Demystifying The Moaners

She’s fronted ultra-creepy Bloodshot Records outfit Trailer Bride for five albums, spent seven formative years with her Christian-missionary parents in Africa, and is obsessed with William Faulkner and Flannery O’Conner. So, naturally, I wanted to tell you Mississippi-born singer/guitarist Melissa Swingle is a freaky, tortured Southern Gothic weirdo. But fact is, that just ain’t true.

Swingle and new Moaners bandmate Laura King are kind-hearted, likeable women who love rock ’n’ roll. And after spending some time with them, I prefer the real thing to the overcooked image: They carry bottles of obscure-brand hot sauce in their purses, smoke endless cigarettes in rock-club backrooms, drink green mint tea at soundcheck, and get hassled by strange cops over Swingle’s bug-eyed, movie-star shades at late-night, highway-stop Waffle Houses. They burn incense to cover the smell of urine in the $30-a-night motel rooms they have to stay in when it’s an off night and the gig barely covers gas money, falling asleep with a faint beer buzz and watching Mallrats on USA Up All Night through the dreamy haze of leaden, half-cracked eyelids. And to top it off, King moonlights in a Neil Diamond cover band in The Moaners’ hometown of Chapel Hill, N.C. But most importantly, Swingle and King blast out blessedly raw Delta-blues punk and grungy, foreboding Southern Rock.

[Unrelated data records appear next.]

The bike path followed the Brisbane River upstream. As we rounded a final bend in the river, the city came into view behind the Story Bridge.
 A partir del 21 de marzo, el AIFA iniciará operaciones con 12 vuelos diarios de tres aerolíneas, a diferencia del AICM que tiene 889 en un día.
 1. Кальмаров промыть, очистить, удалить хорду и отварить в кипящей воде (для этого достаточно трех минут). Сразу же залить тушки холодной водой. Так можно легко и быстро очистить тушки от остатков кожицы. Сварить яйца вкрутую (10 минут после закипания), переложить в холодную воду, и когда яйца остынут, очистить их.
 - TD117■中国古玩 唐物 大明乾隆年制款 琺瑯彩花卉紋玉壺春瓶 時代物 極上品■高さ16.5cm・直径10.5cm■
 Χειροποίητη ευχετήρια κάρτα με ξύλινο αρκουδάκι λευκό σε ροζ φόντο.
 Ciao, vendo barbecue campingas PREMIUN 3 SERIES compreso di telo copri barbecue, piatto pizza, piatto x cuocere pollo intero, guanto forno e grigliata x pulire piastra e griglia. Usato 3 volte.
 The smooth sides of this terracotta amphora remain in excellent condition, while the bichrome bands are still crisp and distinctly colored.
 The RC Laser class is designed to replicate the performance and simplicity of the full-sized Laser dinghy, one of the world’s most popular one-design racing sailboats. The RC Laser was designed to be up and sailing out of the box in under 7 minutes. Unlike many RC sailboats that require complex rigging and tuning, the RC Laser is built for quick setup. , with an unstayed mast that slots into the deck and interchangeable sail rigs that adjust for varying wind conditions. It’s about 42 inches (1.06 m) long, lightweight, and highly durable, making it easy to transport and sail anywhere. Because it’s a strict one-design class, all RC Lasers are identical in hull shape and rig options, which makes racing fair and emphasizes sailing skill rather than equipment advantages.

“I’d been wanting to do something different for a while,” says Swingle, sitting with King at a bar-side table in Asheville, N.C.’s no-frills Grey Eagle Tavern. “I was tired of being pigeon-holed as alternative country [when I was with Trailer Bride], because—except for Hank Williams and Johnny Cash—I never really loved country music that much. … I felt I was beating a dead horse. It was getting less and less fun, and the audiences can tell. I wanted to play faster and harder.”

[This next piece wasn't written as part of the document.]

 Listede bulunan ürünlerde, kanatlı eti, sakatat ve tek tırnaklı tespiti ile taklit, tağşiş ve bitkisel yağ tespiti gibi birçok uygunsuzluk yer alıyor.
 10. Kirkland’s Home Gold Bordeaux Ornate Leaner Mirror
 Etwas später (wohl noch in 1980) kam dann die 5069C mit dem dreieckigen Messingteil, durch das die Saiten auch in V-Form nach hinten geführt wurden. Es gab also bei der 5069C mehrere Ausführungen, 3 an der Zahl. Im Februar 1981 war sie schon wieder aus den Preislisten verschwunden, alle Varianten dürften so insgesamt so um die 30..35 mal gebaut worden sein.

And that’s where King comes in. The pair met two years ago at the Honky-Tonk-A-Rama festival in Chapel Hill, where King’s band, Grand National (fronted by fIREHOSE’s Ed Crawford), was sharing the bill with Trailer Bride. “I was blown away,” says Swingle of King’s drumming. “I’d never seen anybody, male or female, hit as hard as she did with such precision.”

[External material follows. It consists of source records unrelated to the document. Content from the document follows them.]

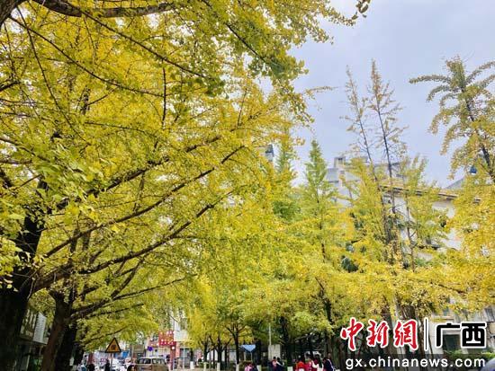 中新网广西新闻12月9日电(王亚东)近日,广西桂林市七星区猫儿山社区的一大片银杏树正悄然由翠绿渐变为金黄。一排排银杏树也成为桂林市秋冬季的“网红”,随风飘落的银杏叶十分浪漫,吸引许多市民前来赏景拍照。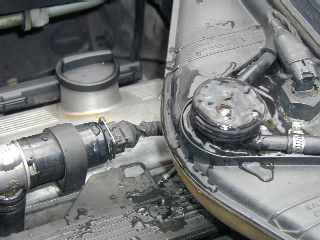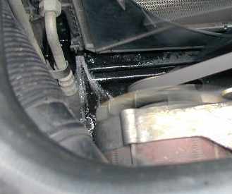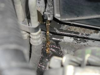 | アンダーカバーを伝って下に流れます。 | 水が抜けたら綺麗な水を注入、 ドレンを開けたまま流し続ける。 |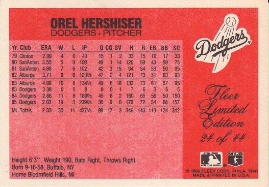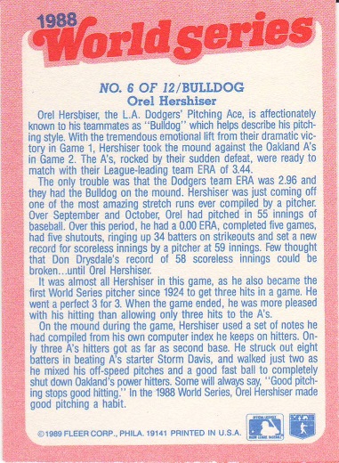 Extra Bases, Pitchers Duel Drabek/Hershiser, Long Card |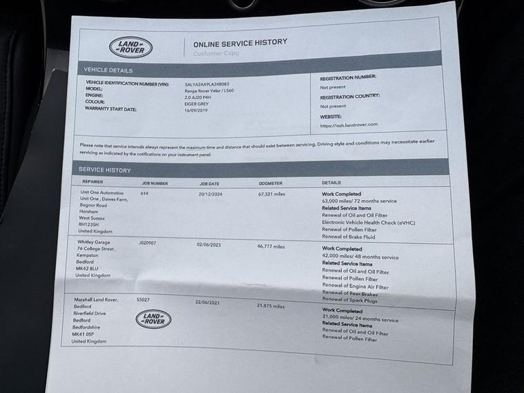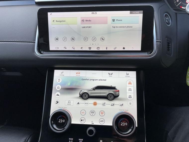 This 2019 Land Rover Range Rover Velar P300 HSE is presented with a clear vehicle history check, offering you peace of mind. This sophisticated SUV features a powerful 2.0 litre petrol engine paired with a Four Wheel Drive system, ensuring capable performance in various conditions. As a Euro 6 compliant vehicle, it meets stringent emission standards. The HSE trim level signifies a high specification, and this particular model boasts notable features such as a Head Up Display to keep key information in your line of sight, and Adaptive Cruise Control for a more relaxed driving experience. The inclusion of Electronic Air Suspension contributes to a smooth and comfortable ride, while the 350mm front brakes provide confident stopping power. Experience exhilarating performance with this Range Rover Velar, capable of accelerating from 0 to 60 miles per hour in just 5.9 seconds, a testament to its P300 designation. This impressive acceleration highlights its dynamic capabilities compared to other vehicles in its class. Furthermore, its substantial towing weight of 2400 kg makes it a practical choice for those needing to tow trailers or caravans. The P300 badge signifies the potent engine under the bonnet, delivering a blend of performance and refinement that defines the Range Rover Velar experience.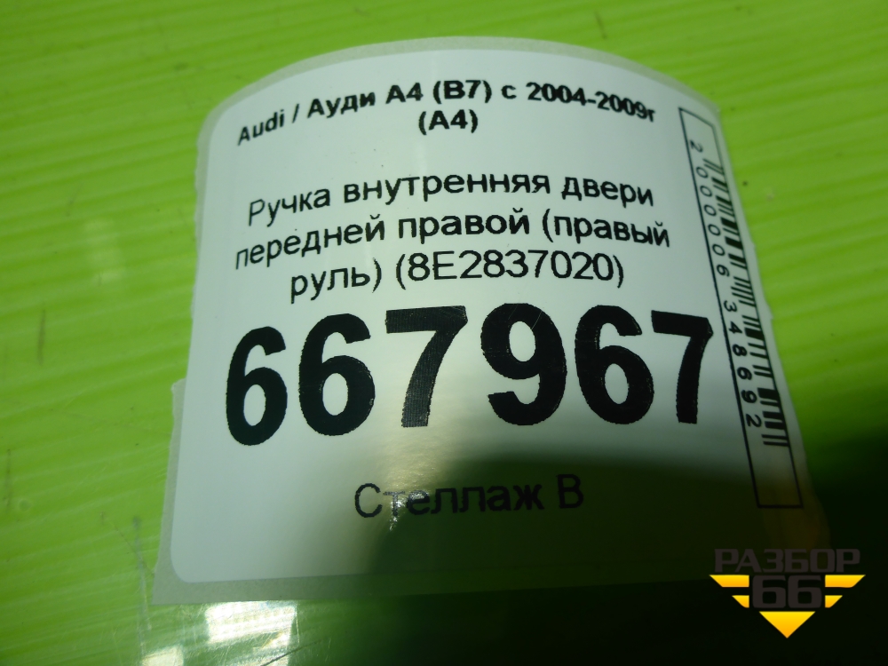 Ручка внутренняя двери передней правой (правый руль) (8E2837020) для Audi A4 (В7) с 2004-2009г (А4) в Перми

Swingle began writing songs to fit King’s style, often tuning down to anchor the low end, and the drums-and-guitar duo began rehearsing. Yep Roc Records apparently saw the chemistry, too, and released The Moaners’ debut earlier this year. Recorded at Southern Culture On the Skids founder Rick Miller’s studio, Dark Snack was cut in just 10 days. It’s a lot more efficient and economical with just two people in the band, and this concept translates to the road, too. On “Hard Times” the bottleneck-guitar-slingin’ Swingle autobiographically croons in her trademark syrupy drawl, “A four-piece band just won’t make ends meet / Tonight baby, it’s you and me.”

“Musicians are going through some hard times in the last few years,” Swingle explains. “So having fewer people to split the money with definitely helps.” But there are artistic incentives as well, she insists. “[Playing as a duo] is liberating. With Laura, I can go on any tangent I want, and she doesn’t have to know what key we’re in. It’s made me a better guitar player. I’m doing my own leads now and having a blast.”

“She’s getting better and better,” says King of her partner in crime. “And I am, too. I’m feeling more creative than I have in a really long time.”